**Task instructions**.
This exercise calls for duplicating every entry below exactly, without the images.

Segment Start: Data

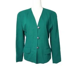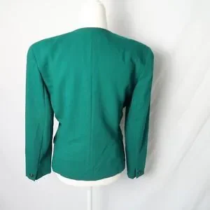 Vintage 80s Anne Klein dark green wool blazer jacket 6P
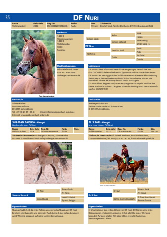 LeistungenDF Nuri ist beim VZAP eingetragen. Beim ZSAA erhielt er die GOLDSCHLEIFE, (u.a. Typ 9 und Korrektheit 8). DF Nuri ist ein rein %u00e4gyptischer Vollblutaraber mit erlesener Abstammung. Sein Vater ist der weltbekannte SIMEON SADIK und seine Mutter die traumhaft sch%u00f6ne AR Ninive, die auf JAMIL zur%u00fcckgeht. Da Nuris Eltern Rappen sind, ist er ein %u201eRappe im Fuchspelz%u201c und hat bei seiner Nachzucht schon etliche Rappen. Aber das Wichtigste ist sein traumhaft sanfter CHARAKTER! Nuri hat mittlerweile %u00fcber 40 Nachkommen, die als Reit- und/oder Zuchtpferde eingesetzt werden. Sein Sohn EL S Sari gewann dieses Jahr mehrere MDR (mittlere Distanzritte).Besitzer/in DeckstationSabine K%u00f6rber Industriestra%u00dfe 19D-53949 SchmidtheimTel. +49 (0) 24 47 - 84 48 E-Mail: info@arabergestuet-antaris.deInternet: www.arabergestuet-antaris.deArabergest%u00fct AntarisSabine K%u00f6rber und Kurt SchumacherD-53949 SchmidtheimDecktaxe1.200 %u20ac VA rein %u00e4gyptisch1.000 %u20acVollblutaraber500 %u20ac SonstigeDeckbedingungenInfos telefonisch unter +49 (0) 24 47 - 84 48 oderarabergestuet-antaris.deRasseVollblutaraberGeb.-Jahr2006Reg.-Nr.DE 408082093906006Farbe FuchsStm. 155 cmZ%u00fcchter/in Familie Dirnhofer, D-93133 BurglengenfeldFoto: Joanna JonientzDF NuriAsfourSimeon SafanadJasir Ibn JamilGalilaMalik (EH)Hanan (ES)Sankt Georg27 Ibn Galal - 5Jamil (EH)AidaIbn Galal (EH)GamilaSimeon SadikAR NiniveDF NuriLeistungenDF Nuri ist beim VZAP und beim ZSAA eingetragen, beim ZSAA mit GOLDSCHLEIFE, dabei erhielt er f%u00fcr Typ eine 9 und f%u00fcr Korrektheit eine 8. DF Nuri ist ein rein %u00e4gyptischer Vollblutaraber mit erlesener Abstammung. Sein Vater ist der weltbekannte SIMEON SADIK und seine Mutter, die traumhaft sch%u00f6ne AR Ninive, die auf JAMIL zur%u00fcckgeht. Da Nuris Eltern Rappen sind, ist er ein %u201eRappe im Fuchspelz%u201c und hat bei seiner Nachzucht schon 11 Rappen. Aber das Wichtigste ist sein traumhaft sanfter CHARAKTER !Besitzer/in DeckstationSabine K%u00f6rber Industriestra%u00dfe 19D-53949 SchmidtheimTel. +49 (0) 24 47 - 84 48 E-Mail: info@arabergestuet-antaris.deInternet: www.arabergestuet-antaris.deArabergest%u00fct AntarisSabine K%u00f6rber und Kurt SchumacherD-53949 SchmidtheimDecktaxe1.200 %u20ac VA rein %u00e4gyptisch1.000 %u20acVollblutaraber500 %u20ac SonstigeDeckbedingungenInfos telefonisch unter 0 24 47 - 84 48 oderarabergestuet-antaris.deRasseVollblutaraberGeb.-Jahr2006Reg.-Nr.DE 408082093906006Farbe FuchsStm. 155 cmZ%u00fcchter/in Birkhof Stud, Familie Dirnhofer, D-93133 BurglengenfeldFoto: Joanna JonientzDF NuriAsfourSimeon SafanadJasir Ibn JamilGalilaMalikHananSankt Georg27 Ibn Galal - 5JamilAidaIbn GalalCamilaSimeon SadikAR NiniveDF NuriShaman Sadik A - HengstNachzucht von DF NuriRasseVollblutaraberGeb.-Jahr2018Reg.-Nr.DE 408089009518FarbeFuchsStm. Z%u00fcchter/in / Besitzer/in: Arabergest%u00fct Antaris, Sabine K%u00f6rber, D-53949 Schmidtheim, E-Mail: info@arabergestuet-antaris.deDF NuriInsha ShualaShaman Sadik ASimeon SadikAR NiniveNayiel Al KhaledPyramid SadiyyaEigenschaften EigenschaftenShaman Sadik A ist das erste Fohlen unserer Insha Shuala von DF Nuri. Er ist ein sehr typvoller und korrekter Fuchshengst, der sich zu bewegen wei%u00df. Wir sind gespannt auf seine weitere Entwicklung.El S Sari ist einer der ersten S%u00f6hne von DF Nuri. 2019 ist er seine erste Distanzsaison erfolgreich gelaufen. Er hat alle Ritte in der Wertung beendet! Auf dem letzten Ritt %u00fcber 52 km erreichte Sari einen hervorragenden 2. Platz.El S Sari - HengstNachzucht von DF NuriRasseVollblutaraberGeb.-Jahr2013Reg.-Nr.DE 408089089711FarbeFuchsStm. 154 cmZ%u00fcchter/in / Besitzer/in: El Sadeek Arabians, Ruth Wollenschein, D-53940 Hellenthal, Tel. +49 (0) 24 47 - 82 35, E-Mail: elsadeek@web.deDF NuriDahmr. Samra GhazalahhEl S Sari Simeon SadikAR NiniveEl Thay Shah ManialRamses SanthaFoto: Joanna Jonientz35
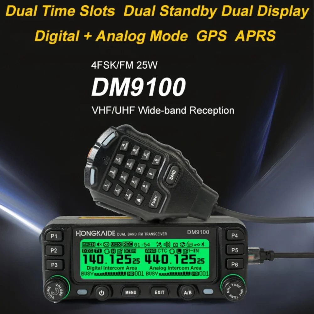 DM9100 25W 4FSK/FM VHF/UHF Wide-band Reception Dual Time Slots Dual Standby Dual Display Digital + Analog Mode GPS APRS
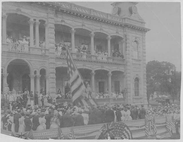 Annexation of Hawaii. Raising the American flag at Iolani Palace, Annexation ceremony. Hawaii State Archives
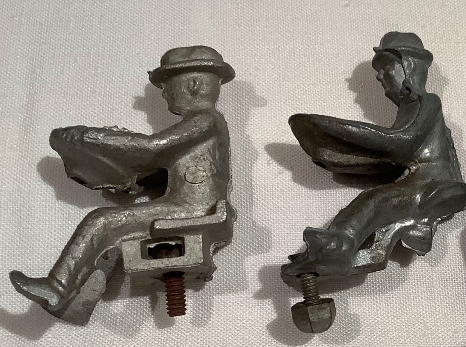 2 1970's RECAST TOY DRIVER FIGURES: 1 LEAD 1 ALUMINUM FOR ANTIQUE IRON TOYS
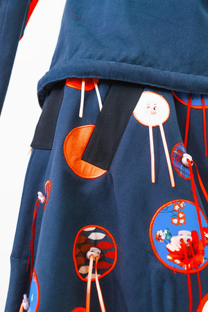 Beide Rockseiten wurden zu den Tunnelzügen abgesteppt und mit langen handbezogenen Schnüren ergänzt.
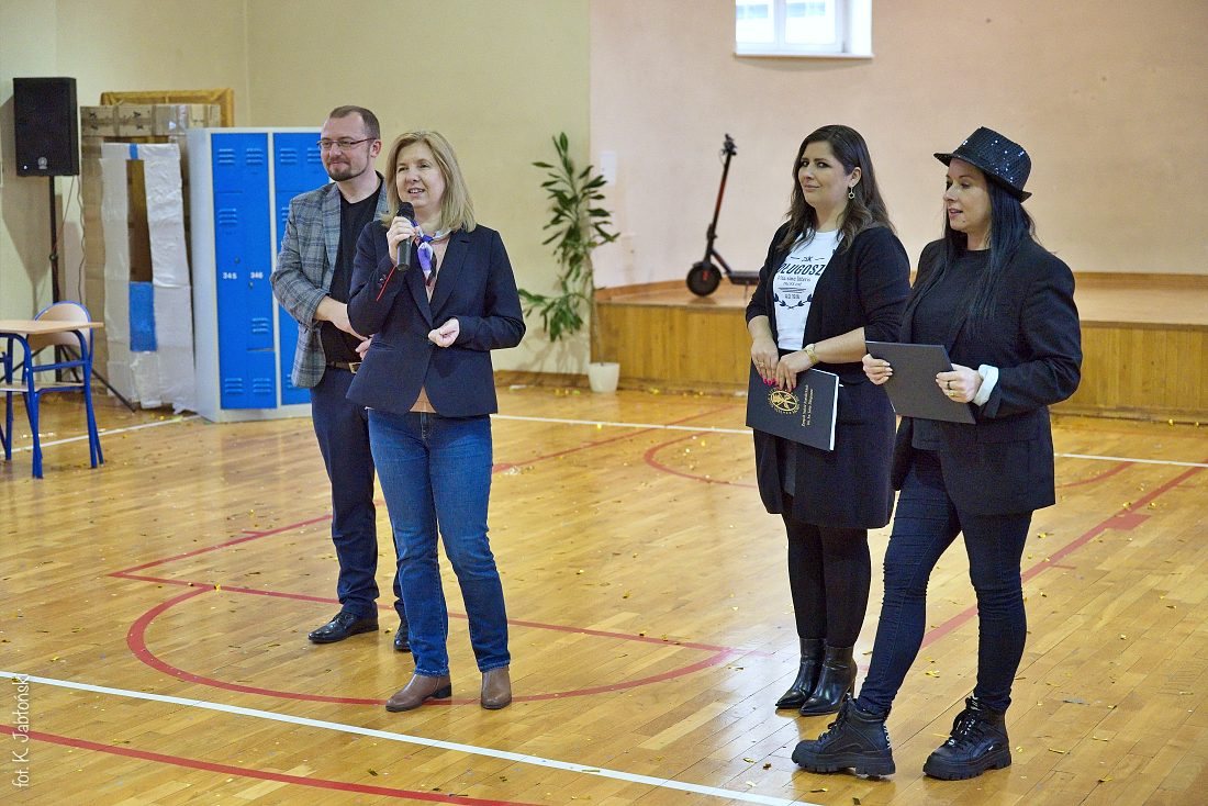 Wydarzenie poprowadzili w tym roku: Przewodnicząca SU liceum Aleksandra Politowska (2D LO), wspierana przez Nataszę Wiśniewską (2D LO) – członkinię SU, oraz Patryk Wąsik (2B LO).

Segment End: Data

**Written solution**.
 Vintage 80s Anne Klein dark green wool blazer jacket 6P
 LeistungenDF Nuri ist beim VZAP eingetragen. Beim ZSAA erhielt er die GOLDSCHLEIFE, (u.a. Typ 9 und Korrektheit 8). DF Nuri ist ein rein %u00e4gyptischer Vollblutaraber mit erlesener Abstammung. Sein Vater ist der weltbekannte SIMEON SADIK und seine Mutter die traumhaft sch%u00f6ne AR Ninive, die auf JAMIL zur%u00fcckgeht. Da Nuris Eltern Rappen sind, ist er ein %u201eRappe im Fuchspelz%u201c und hat bei seiner Nachzucht schon etliche Rappen. Aber das Wichtigste ist sein traumhaft sanfter CHARAKTER! Nuri hat mittlerweile %u00fcber 40 Nachkommen, die als Reit- und/oder Zuchtpferde eingesetzt werden. Sein Sohn EL S Sari gewann dieses Jahr mehrere MDR (mittlere Distanzritte).Besitzer/in DeckstationSabine K%u00f6rber Industriestra%u00dfe 19D-53949 SchmidtheimTel. +49 (0) 24 47 - 84 48 E-Mail: info@arabergestuet-antaris.deInternet: www.arabergestuet-antaris.deArabergest%u00fct AntarisSabine K%u00f6rber und Kurt SchumacherD-53949 SchmidtheimDecktaxe1.200 %u20ac VA rein %u00e4gyptisch1.000 %u20acVollblutaraber500 %u20ac SonstigeDeckbedingungenInfos telefonisch unter +49 (0) 24 47 - 84 48 oderarabergestuet-antaris.deRasseVollblutaraberGeb.-Jahr2006Reg.-Nr.DE 408082093906006Farbe FuchsStm. 155 cmZ%u00fcchter/in Familie Dirnhofer, D-93133 BurglengenfeldFoto: Joanna JonientzDF NuriAsfourSimeon SafanadJasir Ibn JamilGalilaMalik (EH)Hanan (ES)Sankt Georg27 Ibn Galal - 5Jamil (EH)AidaIbn Galal (EH)GamilaSimeon SadikAR NiniveDF NuriLeistungenDF Nuri ist beim VZAP und beim ZSAA eingetragen, beim ZSAA mit GOLDSCHLEIFE, dabei erhielt er f%u00fcr Typ eine 9 und f%u00fcr Korrektheit eine 8. DF Nuri ist ein rein %u00e4gyptischer Vollblutaraber mit erlesener Abstammung. Sein Vater ist der weltbekannte SIMEON SADIK und seine Mutter, die traumhaft sch%u00f6ne AR Ninive, die auf JAMIL zur%u00fcckgeht. Da Nuris Eltern Rappen sind, ist er ein %u201eRappe im Fuchspelz%u201c und hat bei seiner Nachzucht schon 11 Rappen. Aber das Wichtigste ist sein traumhaft sanfter CHARAKTER !Besitzer/in DeckstationSabine K%u00f6rber Industriestra%u00dfe 19D-53949 SchmidtheimTel. +49 (0) 24 47 - 84 48 E-Mail: info@arabergestuet-antaris.deInternet: www.arabergestuet-antaris.deArabergest%u00fct AntarisSabine K%u00f6rber und Kurt SchumacherD-53949 SchmidtheimDecktaxe1.200 %u20ac VA rein %u00e4gyptisch1.000 %u20acVollblutaraber500 %u20ac SonstigeDeckbedingungenInfos telefonisch unter 0 24 47 - 84 48 oderarabergestuet-antaris.deRasseVollblutaraberGeb.-Jahr2006Reg.-Nr.DE 408082093906006Farbe FuchsStm. 155 cmZ%u00fcchter/in Birkhof Stud, Familie Dirnhofer, D-93133 BurglengenfeldFoto: Joanna JonientzDF NuriAsfourSimeon SafanadJasir Ibn JamilGalilaMalikHananSankt Georg27 Ibn Galal - 5JamilAidaIbn GalalCamilaSimeon SadikAR NiniveDF NuriShaman Sadik A - HengstNachzucht von DF NuriRasseVollblutaraberGeb.-Jahr2018Reg.-Nr.DE 408089009518FarbeFuchsStm. Z%u00fcchter/in / Besitzer/in: Arabergest%u00fct Antaris, Sabine K%u00f6rber, D-53949 Schmidtheim, E-Mail: info@arabergestuet-antaris.deDF NuriInsha ShualaShaman Sadik ASimeon SadikAR NiniveNayiel Al KhaledPyramid SadiyyaEigenschaften EigenschaftenShaman Sadik A ist das erste Fohlen unserer Insha Shuala von DF Nuri. Er ist ein sehr typvoller und korrekter Fuchshengst, der sich zu bewegen wei%u00df. Wir sind gespannt auf seine weitere Entwicklung.El S Sari ist einer der ersten S%u00f6hne von DF Nuri. 2019 ist er seine erste Distanzsaison erfolgreich gelaufen. Er hat alle Ritte in der Wertung beendet! Auf dem letzten Ritt %u00fcber 52 km erreichte Sari einen hervorragenden 2. Platz.El S Sari - HengstNachzucht von DF NuriRasseVollblutaraberGeb.-Jahr2013Reg.-Nr.DE 408089089711FarbeFuchsStm. 154 cmZ%u00fcchter/in / Besitzer/in: El Sadeek Arabians, Ruth Wollenschein, D-53940 Hellenthal, Tel. +49 (0) 24 47 - 82 35, E-Mail: elsadeek@web.deDF NuriDahmr. Samra GhazalahhEl S Sari Simeon SadikAR NiniveEl Thay Shah ManialRamses SanthaFoto: Joanna Jonientz35
 DM9100 25W 4FSK/FM VHF/UHF Wide-band Reception Dual Time Slots Dual Standby Dual Display Digital + Analog Mode GPS APRS
 Annexation of Hawaii. Raising the American flag at Iolani Palace, Annexation ceremony. Hawaii State Archives
 2 1970's RECAST TOY DRIVER FIGURES: 1 LEAD 1 ALUMINUM FOR ANTIQUE IRON TOYS
 Beide Rockseiten wurden zu den Tunnelzügen abgesteppt und mit langen handbezogenen Schnüren ergänzt.
 Wydarzenie poprowadzili w tym roku: Przewodnicząca SU liceum Aleksandra Politowska (2D LO), wspierana przez Nataszę Wiśniewską (2D LO) – członkinię SU, oraz Patryk Wąsik (2B LO).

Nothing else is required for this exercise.